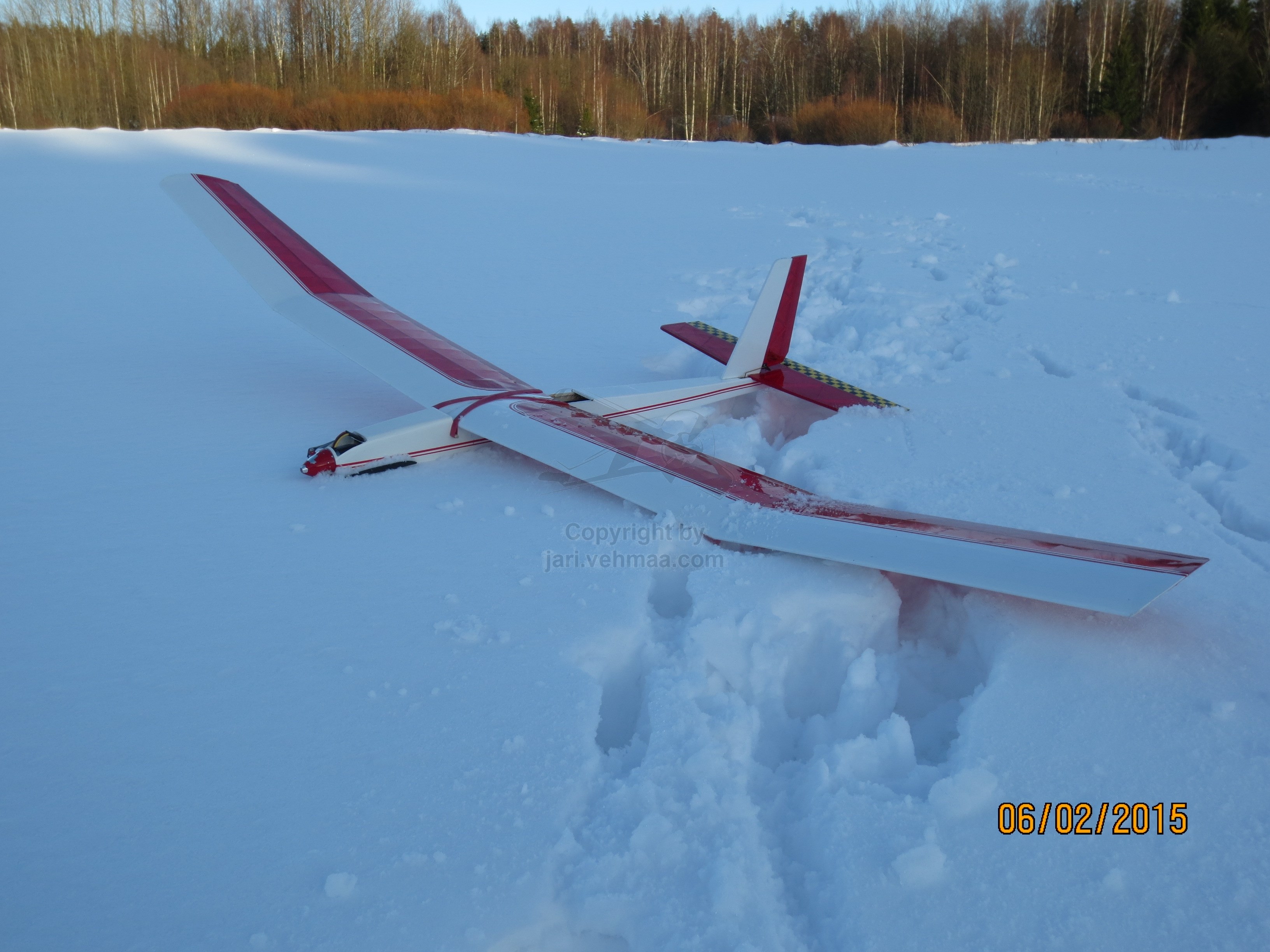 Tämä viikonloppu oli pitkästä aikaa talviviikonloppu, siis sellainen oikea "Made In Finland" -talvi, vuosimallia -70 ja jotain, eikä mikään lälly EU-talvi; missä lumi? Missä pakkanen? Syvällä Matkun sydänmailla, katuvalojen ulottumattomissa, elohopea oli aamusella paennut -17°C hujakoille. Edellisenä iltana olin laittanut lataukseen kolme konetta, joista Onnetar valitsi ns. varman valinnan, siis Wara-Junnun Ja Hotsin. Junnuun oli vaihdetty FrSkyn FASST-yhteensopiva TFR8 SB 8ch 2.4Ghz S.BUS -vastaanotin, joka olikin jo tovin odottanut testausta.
•••••
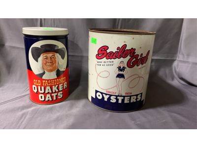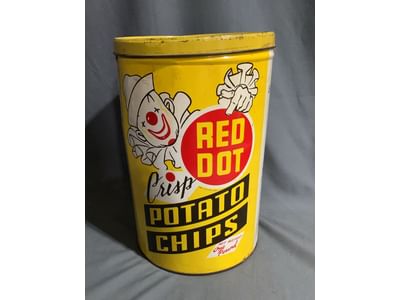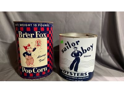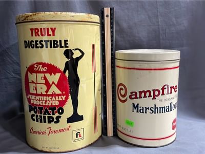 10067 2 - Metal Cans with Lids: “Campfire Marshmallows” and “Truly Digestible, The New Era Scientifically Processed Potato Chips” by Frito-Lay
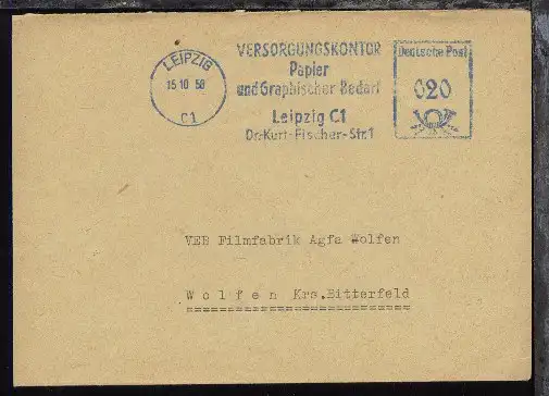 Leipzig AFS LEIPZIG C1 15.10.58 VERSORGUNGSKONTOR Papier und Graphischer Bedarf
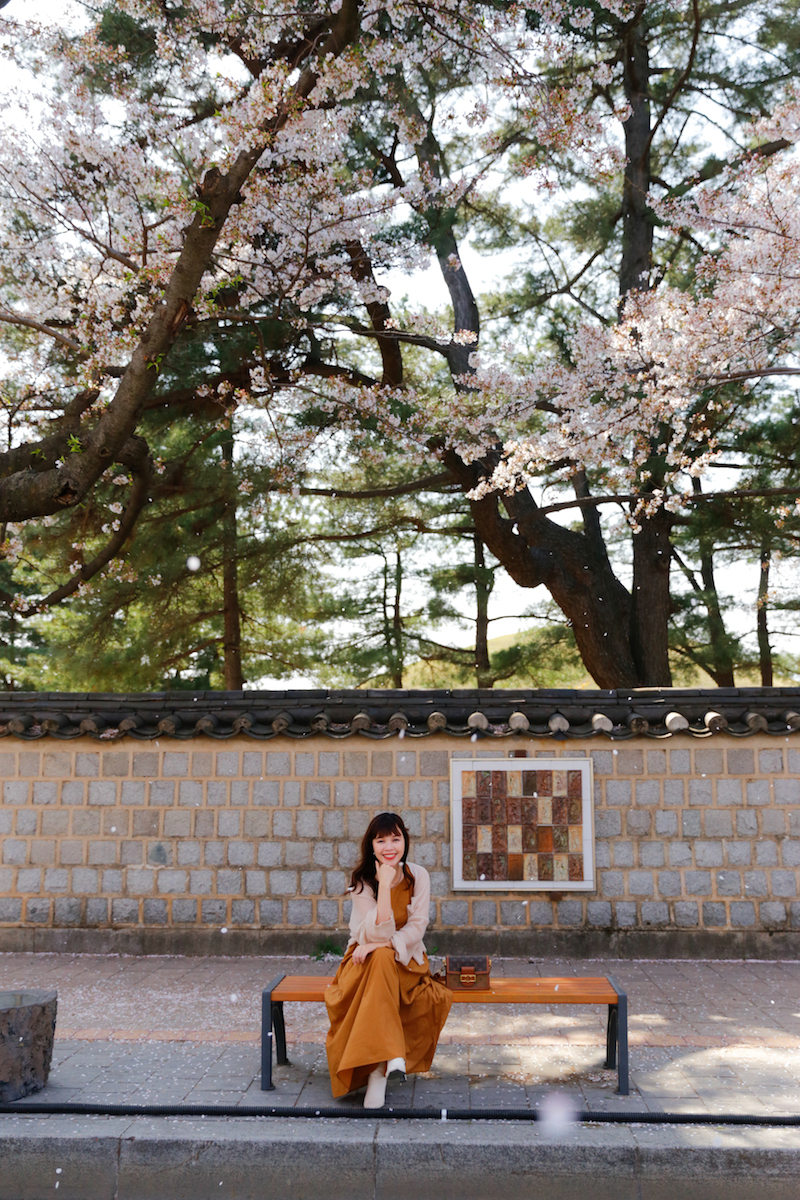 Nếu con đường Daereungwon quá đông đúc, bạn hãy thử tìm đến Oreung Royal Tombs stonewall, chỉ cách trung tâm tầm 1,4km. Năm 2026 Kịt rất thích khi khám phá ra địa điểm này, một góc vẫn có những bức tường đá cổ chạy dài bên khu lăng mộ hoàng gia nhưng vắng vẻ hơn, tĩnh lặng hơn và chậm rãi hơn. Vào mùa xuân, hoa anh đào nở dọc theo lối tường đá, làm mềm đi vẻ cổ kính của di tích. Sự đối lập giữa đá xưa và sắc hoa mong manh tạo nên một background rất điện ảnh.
•••••
### Exercise directions:
Look above for the line with "10067 2 - Metal" and the line with "Nếu con đường", then copy exactly the lines from the first through the second, both kept, with no pictures.

### Answer space:
 10067 2 - Metal Cans with Lids: “Campfire Marshmallows” and “Truly Digestible, The New Era Scientifically Processed Potato Chips” by Frito-Lay
 Leipzig AFS LEIPZIG C1 15.10.58 VERSORGUNGSKONTOR Papier und Graphischer Bedarf
 Nếu con đường Daereungwon quá đông đúc, bạn hãy thử tìm đến Oreung Royal Tombs stonewall, chỉ cách trung tâm tầm 1,4km. Năm 2026 Kịt rất thích khi khám phá ra địa điểm này, một góc vẫn có những bức tường đá cổ chạy dài bên khu lăng mộ hoàng gia nhưng vắng vẻ hơn, tĩnh lặng hơn và chậm rãi hơn. Vào mùa xuân, hoa anh đào nở dọc theo lối tường đá, làm mềm đi vẻ cổ kính của di tích. Sự đối lập giữa đá xưa và sắc hoa mong manh tạo nên một background rất điện ảnh.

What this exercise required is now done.